The default EFI boot manager on Apple machines is tuned for working best with OS X installations. What a surprise. In order to boot another operating system (OS), it is necessary to modify the partition table of your drive. Once this is done, the installation process of one or several other OS will vary depending the selected OS. Eventually you will be able to choose at boot time which OS you want to load. This tutorial focuses on Debian but should be helpful for other GNU/Linux distros too.

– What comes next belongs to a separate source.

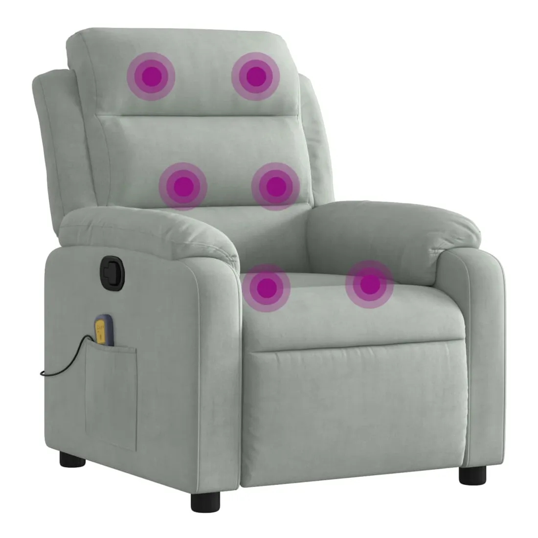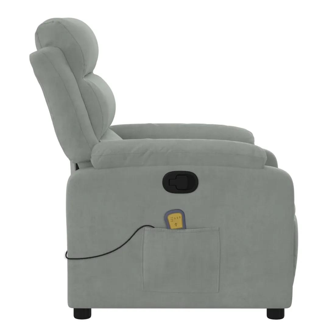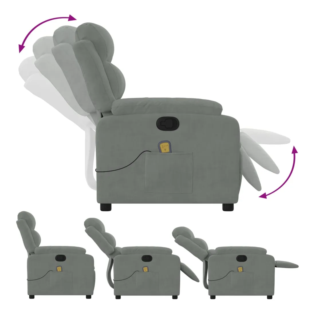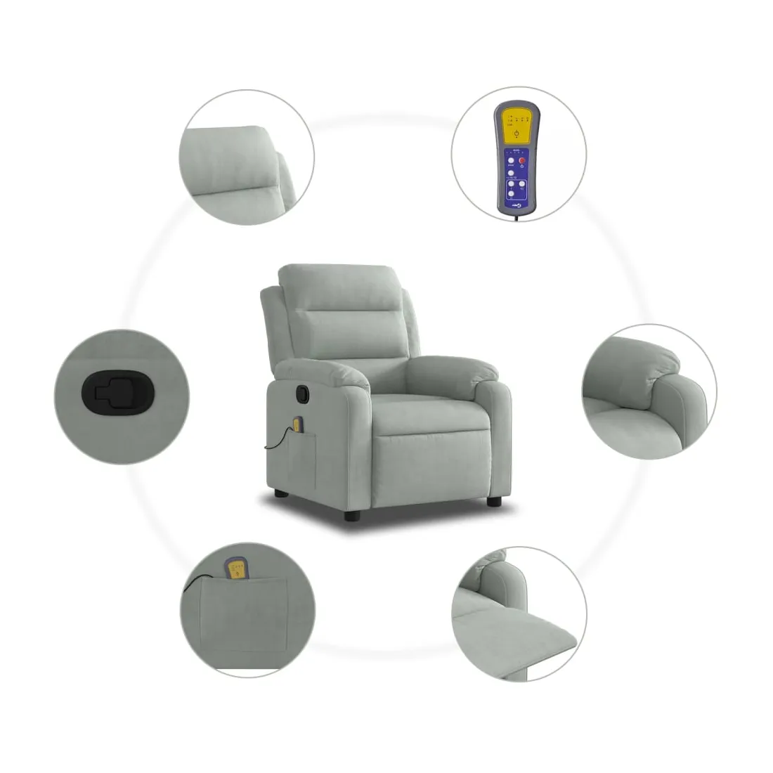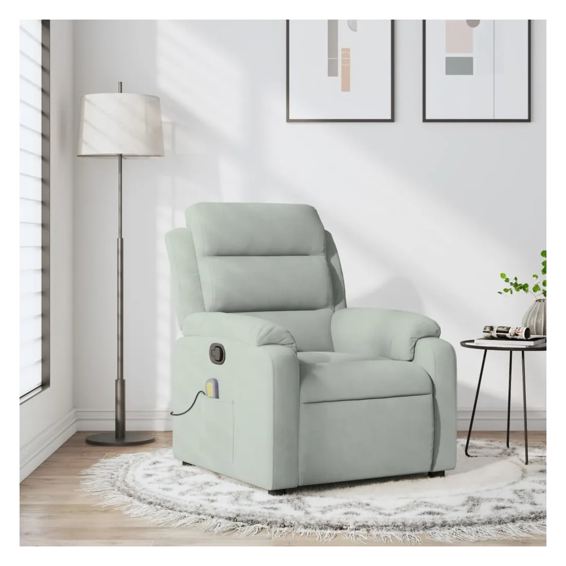 Asseyez-vous et détendez-vous dans ce fauteuil inclinable de massage très confortable ! Fonction d'inclinaison manuelle : ce fauteuil inclinable est doté d'une poignée du côté droit. Vous pouvez régler manuellement le repose-pieds et le dossier dans n'importe quelle position selon votre confort en tirant simplement sur la poignée. Cette fonction permet une inclinaison maximale de 135 degrés. De plus, le dossier peut revenir rapidement à sa position d'origine en tirant simplement sur la poignée.Fonction de vibration : les 6 points de massage vous permettent de faire l'expérience d'un massage mieux ciblé. De plus, la télécommande incluse vous permet de choisir différents programmes de massage. La fonction de massage est alimentée par le connecteur USB, mais la source d'alimentation USB 5V certifiée n'est pas incluse.Expérience d'assise confortable : le siège, le dossier et les larges accoudoirs rembourrés épais recouverts de velours procurent une sensation confortable et chaleureuse, vous faisant vous sentir enlacé lorsque vous êtes assis. Le velours est un tissu doux et confortable qui est agréable sur la peau.Poche latérale pratique : ce fauteuil est doté d'une poche latérale pour ranger votre télécommande ou garder vos objets essentiels à portée de main.Cadre solide et stable : le cadre en bois et en métal offre une structure solide et une grande stabilité. Ce fauteuil inclinable est confortable et durable.

Please note that traditional and popular dual-boot systems for Apple machines tend to involve the installation of a third party EFI boot manager like refit (now refind). This tutorial makes no use of such software, in order to keep things as simple as possible.

Step by Step Recipe

  • We start assuming that your OS X installation is one single partition on an internal or external drive;
  • Start Disk Utility and resize the OS X partition to give enough room for the extra OS (for the record Mavericks and Yosemite needs at least 8GB, so reducing the OS X partition to 20GB should be enough for a basic install and a couple of closed source bloatware, however the Disk Utility may prevent you to limit the space that much, depending on the drive specs and your current configuration);
  • Download an (U)EFI compatible Debian netinst USB or ISO (for instance http://cdimage.debian.org/cdimage/unofficial/non-free/cd-including-firmware/daily-builds );
  • Burn the ISO or make the USB key with the desired installation software;
  • Reboot and access the Apple EFI boot manager by holding the alt button when your machine boots;
  • Select EFI boot for the CD or USB (If there is no mention of EFI for the installer, you probably have a non-EFI installer, get another one);
  • Proceed with the installation;
  • At the partition screen, select guided partitioning, using the largest continuous free space and select a partitioning scheme of your liking (to simply things here I assume "All files in one partition" has been selected)
  • The partition table should look like this:
#1  ESP          EFI System
#2  hfs+         Your OS X install
#3  hfs+         Recovery HD
#4  ext4         Debian
#5  swap

Note: Here I edited #4 to name it Debian.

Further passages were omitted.